Surgery
Although surgery does not cure
endometriosis, it does offer short-term results for
most women and long-term relief for a few.
Surgery is
generally recommended for endometriosis when:
- Treatment with hormone therapy has not
controlled symptoms, and symptoms interfere with daily
living.
- Endometrial implants or scar tissue (adhesions) interferes with the functions of other
abdominal organs.
- Endometriosis causes infertility.
Surgery Choices
- Laparoscopy is
the most common procedure used to
diagnose and treat endometriosis. If your doctor
recommends a laparoscopy, it will be used to look for and possibly to remove or
destroy implants and scar tissue. During the same procedure, the doctor can:
- Examine the
internal organs for signs of endometriosis and other possible problems. This is
the only way that endometriosis can be diagnosed with certainty. But a "no
endometriosis" diagnosis is never certain. Growths (implants) can be tiny or
hidden from the surgeon's view.
- Remove any
visible endometriosis implants and scar tissue that may be causing pain or
infertility. A surgeon uses one or more techniques, including cutting and
removing the growths (excision) or destroying them with a laser beam or an
electric current (electrocautery). If the doctor finds an endometriosis cyst on
an ovary (endometrioma), he or she will likely remove the cyst.
- Hysterectomy with oophorectomy offers
the chance of long-term pain relief for women who have no future childbearing
plans. But hysterectomy with oophorectomy is a major surgery that has risks of
complications from the surgery and anesthesia. After having your ovaries
removed, low-estrogen side effects can be more sudden and severe than
low-estrogen symptoms at natural
menopause. And, when you start menopause early, your
risk of future
osteoporosis increases unless you take measures to
protect your bones.
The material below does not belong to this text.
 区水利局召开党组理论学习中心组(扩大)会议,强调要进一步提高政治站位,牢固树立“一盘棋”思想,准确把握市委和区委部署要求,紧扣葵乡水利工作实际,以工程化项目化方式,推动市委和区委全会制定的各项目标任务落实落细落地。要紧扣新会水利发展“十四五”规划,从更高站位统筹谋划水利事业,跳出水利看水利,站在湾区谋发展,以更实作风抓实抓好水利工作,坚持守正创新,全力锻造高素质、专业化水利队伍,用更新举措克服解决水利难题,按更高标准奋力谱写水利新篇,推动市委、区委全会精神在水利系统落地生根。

Talk to your doctor about whether
estrogen replacement therapy or nonhormone treatment
(bisphosphonates) might be best for you.
Should I have a hysterectomy with oophorectomy to treat endometriosis?
Should I use estrogen replacement therapy after having a hysterectomy or oophorectomy?
What To Think About
Women who do not become
pregnant after surgery can consider trying
fertility drugs with
insemination or
in vitro fertilization. For more information, see the
topic
Fertility Problems.
Some studies suggest
that using hormone therapy after surgery can make the pain-free period longer
by preventing the growth of new or returning endometriosis.5
When laparoscopy may not be needed
Surgery is
the only way to be sure that you have endometriosis. Usually, this can be done
with a tiny viewing instrument that is inserted through a small incision (laparoscopy). But laparoscopy is not always needed.
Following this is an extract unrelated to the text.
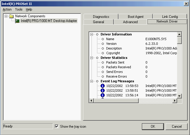 Версия драйвера в Windows 2000 — тоже 5.0.1.24. Но его интерфейс предоставляет намного меньше настроек сетевого адаптера, чем у предыдущей карты. Настройки драйвера тоже были оставлены по умолчанию. Верхний предел размера Jumbo Frame неизвестен, но максимальный используемый при тестировании размер (16128 байт) устанавливался без проблем.

Doctors commonly try anti-inflammatory and/or hormone treatment for suspected
endometriosis. If this works, endometriosis is a more likely diagnosis.
Endometriosis symptoms will stop naturally after you
reach menopause. If you are nearing age 50, controlling symptoms with home
treatment and hormone therapy until you reach menopause may be a more
reasonable choice for you than surgery. But if scar tissue is causing pain,
hormone therapy will not be effective.